Reputation: 875
I have a local text file kv_pair.log
formatted such as that key value pairs are comma delimited and records begin and terminate with a new line:
"A"="foo","B"="bar","C"="baz"
"A"="oof","B"="rab","C"="zab"
"A"="aaa","B"="bbb","C"="zzz"
I am trying to read this to a Pair RDD using pySpark as follows:
from pyspark import SparkContext
sc=sparkContext()
# Read raw text to RDD
lines=sc.textFile('kv_pair.log')
# How to turn this into a Pair RDD?
pairs=lines.map(lambda x: (x.replace('"', '').split(",")))
print type(pairs)
print pairs.take(2)
I feel I am close!

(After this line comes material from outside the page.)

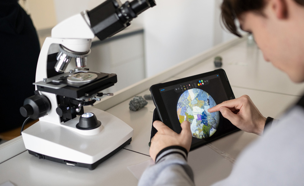 iPad 的内置 app 和丰富功能为学生们带来一流的学习工具,让他们用一台设备就能畅游各个学科领域。在生物教师 Sophie Padilla 的课堂上,学生们使用相机 app 拍摄通过显微镜看到的细胞,然后在 Keynote 讲演中对图像做出标记,为他们的发现添加注释。在 Stéphane Calvo 的物理课上,学生们观察滚动物体的运动,在 Numbers 表格中记录相关数据,并轻松创建可视化图形,以找出结果中的模式。

The output of above is:
[[u'A=foo', u'B=bar', u'C=baz'], [u'A=oof', u'B=rab', u'C=zab']]
So it looks like pairs
is a list of records, which contains a list of the kv pairs as strings.

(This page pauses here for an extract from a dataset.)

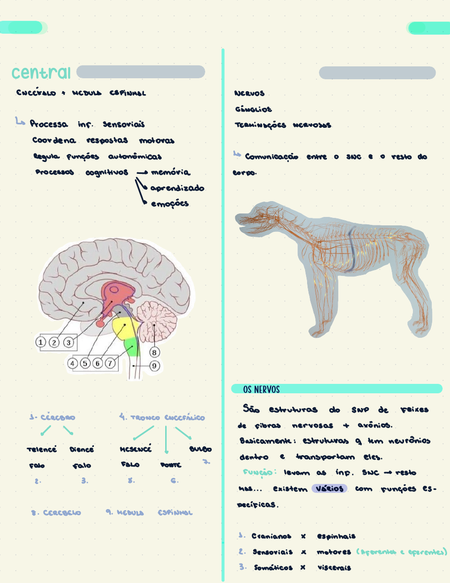 sistema nervoso sistema nervoso Central Periférico os nervos Encefalo + MEDUL ESPINAD NERVOS GÂNGLioS ↳ Processa inf. sensoriais TERMINAÇÕES NERVOSSS Coordena respostas motoras Regula funções autonómicas ↳ Comunicação entre o SNC e o resto do & processos cognitivos > memória Corpo. d aprendizado nemoções São estruturas do SNP de feixes I-CÉREBRO 4. Tronco encefálico de fibras nervosas + axónios. C 2 & A Basicamente : estruturas q tem neurônios Telencé Dience MESENCE - BULBO dentro e transportam eles. Fale Falo FALO PONTE 7. Funcio : levam as inf . SNC - resto 2 3. 5. 6. Mas... existem Vários com funções es- Decíficas . 8. CEREBELO 9. MEDUD ESPINIAL 1. Cranianos X espinhais 2. Sensoriais X motores (Aferentes e eferentes) 3. somáticos X viscerais cranianos Espinhais Sensoriais motores Somaticos viscerais os ganglios células do sistema nervoso Classificação do central Classificação do periférico Sistema nervoso somatico Sistema nervoso autonomo MeningesMeninges e líquor definição dura-máter aracnóide pia-máter funções espaços meníngeos definição funções produção circulação drenagem punção caso clínico Medula espinhal Medula espinhal Cone medular Intumescência cervical Intumescência lombar corte transversal Substância cinzenta Substância branca Tegumento Comum Camadas da pele e tipos de pêlos

How can I use pySpark to transform this into a Pair RDD such as that the keys and values are properly separated?
Ultimate goal is to transform this Pair RDD into a DataFrame to perform SQL operations - but one step at a time, please help transforming this into a Pair RDD.
Upvotes: 0
Views: 9977
Reputation: 35434
You can use flatMap
with a custom function as lambda
can't be used for multiple statements
def tranfrm(x):
lst = x.replace('"', '').split(",")
return [(x.split("=")[0], x.split("=")[1]) for x in lst]

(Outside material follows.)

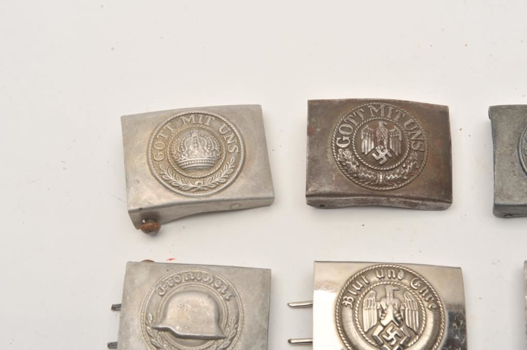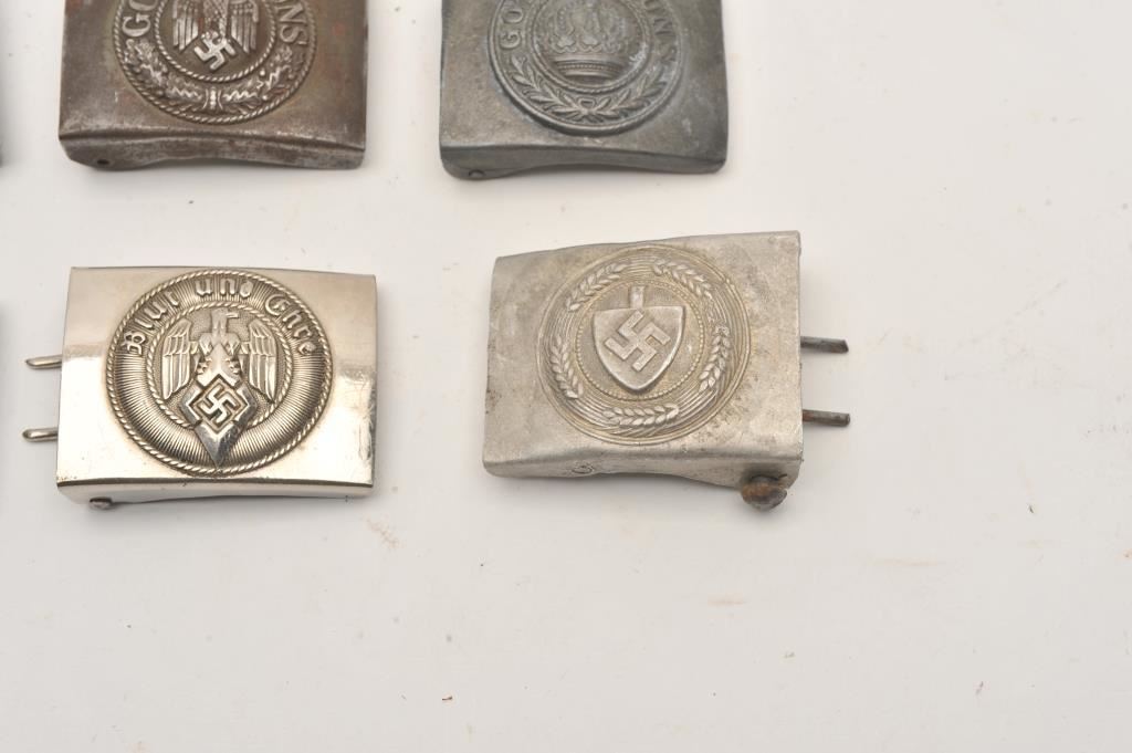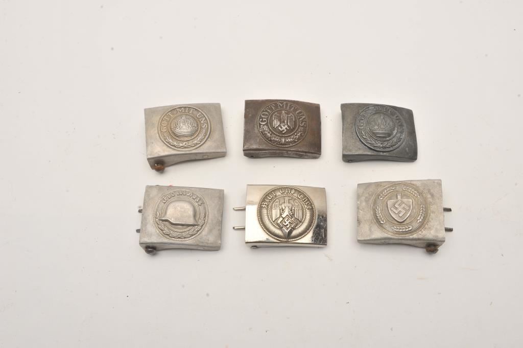 Lot of 6 German WWI and WWII belt buckles. Varied condition from good to very good. Est.: $100-$200

pairs = lines.map(tranfrm)
Upvotes: 1
Reputation: 1977
This is really bad practice for a parser, but I believe your example could be done with something like this:
from pyspark import SparkContext
from pyspark.sql import Row
sc=sparkContext()
# Read raw text to RDD
lines=sc.textFile('kv_pair.log')
# How to turn this into a Pair RDD?
pairs=lines.map(lambda x: (x.replace('"', '').split(",")))\
.map(lambda r: Row(A=r[0].split('=')[1], B=r[1].split('=')[1], C=r[2].split('=')[1] )
print type(pairs)
print pairs.take(2)
Upvotes: 0